Old to begin

It is not so easy to hit both “this sounds like” and “nothing else before or since.” You can sing songs about Geddy Lee and IKEA and wink wink your way into the hearts of hundreds. There are the songs that are a time for you and sometimes they are the song that told you as a kid to cut your hair and there is the one that told you as an older kid that sure, go ahead and steal that album. One band cannot brighten every corner and one man cannot lighten every hoarder, the singer might sing. Spiral stairs where you least expect them. Everywhere, everywhere, there and there.

So we went ahead and watched it anyway, these American stories of sex traffickers and money and Ice T getting real as the order before the law and kinda hey the title of this is always backwards eh? We entertain ourselves knowing someone

fictional even

has it worse

has it worse

I listen to ambient music, he says. I listen to the sounds around me, he retorts.
I listen to whatever God tells me, he says. I listen to the fact of the matter, he snorts.
I listen to the wind and the winding, he says, the wingdings and things. I continue to listen, continue and hope, and sign and drop my shoulders, and weep a little, he exhorts.

The soaring the rising

Color your lights in he says to me and it is not as if but maybe yes it is as if but not as if. The skin all around us breaks our falls. I cannot grasp this at all. But I do know this.

I know this.

When you speak directly to the heart of a truly insurmountain of a man, his immediate response never quite agrees.

Get It Together

It is the song of bouncing to the beat you know is true. It is the sound of cool as it schoooools over your mind’s fingertips, the stitter sitter stutter tutter of beats made words and words made bone and words bourne. It is the end of product, the end product, the mind blown. It is the right thing at the right time. It is right.

Circular

The belief in all things easy to remember.
The understanding that comes with age, or a pint.

I wonder if the reason why this all matters has to do with a complete disregard for others.
You told me once that there was no more room for you.

Bring forth another sort of tempest.
Gauzy and just barely out of reach.

It’s not enough to pig’s lipstick a slapdash lyric or poem or rhythm or essay.
Speak out sometimes, but try to win.

You’re Outta Sight Since I’m Outta Here

And then the power went out on the laptop and then the lightning bugs made me wish they were spelled lightening bugs and then the feel of summer—all of the good, none of the humidawfulseat of the 90 degree 90 percent days—it all came back. 

Grab a High Life and hold on to your whole life. Hold on to whatever you can, really. Your eyes are burning but I’m not scared, he says, and supposes you can’t fear when you’re the one leaving, right? Never forget the day when it all came back. 

How do you become his star? What can you make of all of the words and the background that just tells you so much? I want to drive in a dusty road pickup and wear hats and be surrounded by all of the important people.
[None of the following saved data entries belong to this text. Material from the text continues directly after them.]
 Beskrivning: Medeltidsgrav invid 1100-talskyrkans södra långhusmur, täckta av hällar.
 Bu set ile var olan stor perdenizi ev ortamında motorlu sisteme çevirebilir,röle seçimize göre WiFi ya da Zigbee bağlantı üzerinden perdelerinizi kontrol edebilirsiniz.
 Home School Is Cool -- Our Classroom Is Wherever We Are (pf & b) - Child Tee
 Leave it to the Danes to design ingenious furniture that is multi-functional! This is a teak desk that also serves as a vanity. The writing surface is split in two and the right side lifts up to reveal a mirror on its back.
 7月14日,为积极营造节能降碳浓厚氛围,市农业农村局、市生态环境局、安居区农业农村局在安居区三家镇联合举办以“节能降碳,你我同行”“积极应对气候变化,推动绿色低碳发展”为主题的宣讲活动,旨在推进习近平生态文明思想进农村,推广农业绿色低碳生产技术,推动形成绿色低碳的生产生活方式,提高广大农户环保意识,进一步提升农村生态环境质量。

They all came back.

You rode in on a horse

There’s just so much heartache, the kind that gets you with its earnestness, that makes you overlook clunker lines because you’re like, “yeah man, yeah, it’s gonna be okay, you play that piano for REAL.”

I can remember you on stage and I can remember singing along and I can remember feeling good about just thinking that you all fucking rocked. Such a bonus, going for the headliner and being rocked by the opener. This happens in Portland, this thing where the band no one knows shows up at the Doug Fir, knows their shit, and just wins over the entire room.

We tripped over ourselves to wonder if you could really be that old. We said, yeah, yeah, it totally makes sense that your music be paired up with theirs. We watched your bassist fuckin rule that 70’s weirdoslap bassline and make it her own. 

We ponied up, we did.

I’m sorry, man on the train who asked me about my Chromebook.

I legitimately thought that you were getting off at Van Buren so I retreated to another seat, only to awkwardly realize that you weren’t leaving the train yet and so I was the guy who got shy when you said “is that that Chromebook? and then mumbled “yeah…it’s pretty cool…” and then retreated to the seat across the aisle and the window and then tried to say to you, “Oh I thought you were getting off at that stop” when I wanted to say, “I’m not afraid of you and actually the CR-48 really is like a prototype sometimes but then I remember they sent me a fully functional kinda-revolutionary computer for free but still, I hope that the commercially available chromebooks are much better than this one because honestly living in the cloud sometimes makes you feel like a dbag,’hey can i have your wireless password?’ when all you really need to do is check to see when the bus is coming but you don’t want to use some of the free monthly 100mb so you have to ask. It’s quite nice and loads up faster than my phone but still, I’m glad I paid zero dollars for it, because it’s nice to have a computer that you can bang around with and look at us in our safe world where we can spot a CR-48, the most unspottable CIA-looking nondescript computer in the world, because we have time to read tech blogs and blather on about things and call it prose poetry.”

3 November 2011

My hoodie suggests a man younger than me. Portland breeds a feeling of younger-than-you-are, which creates crippling doubt and worry in the instance when you then move away. I say crippling because that’s the word that goes with doubt, but niggling or maybe ambushing would make more sense. I miss my old town. This is not a poem.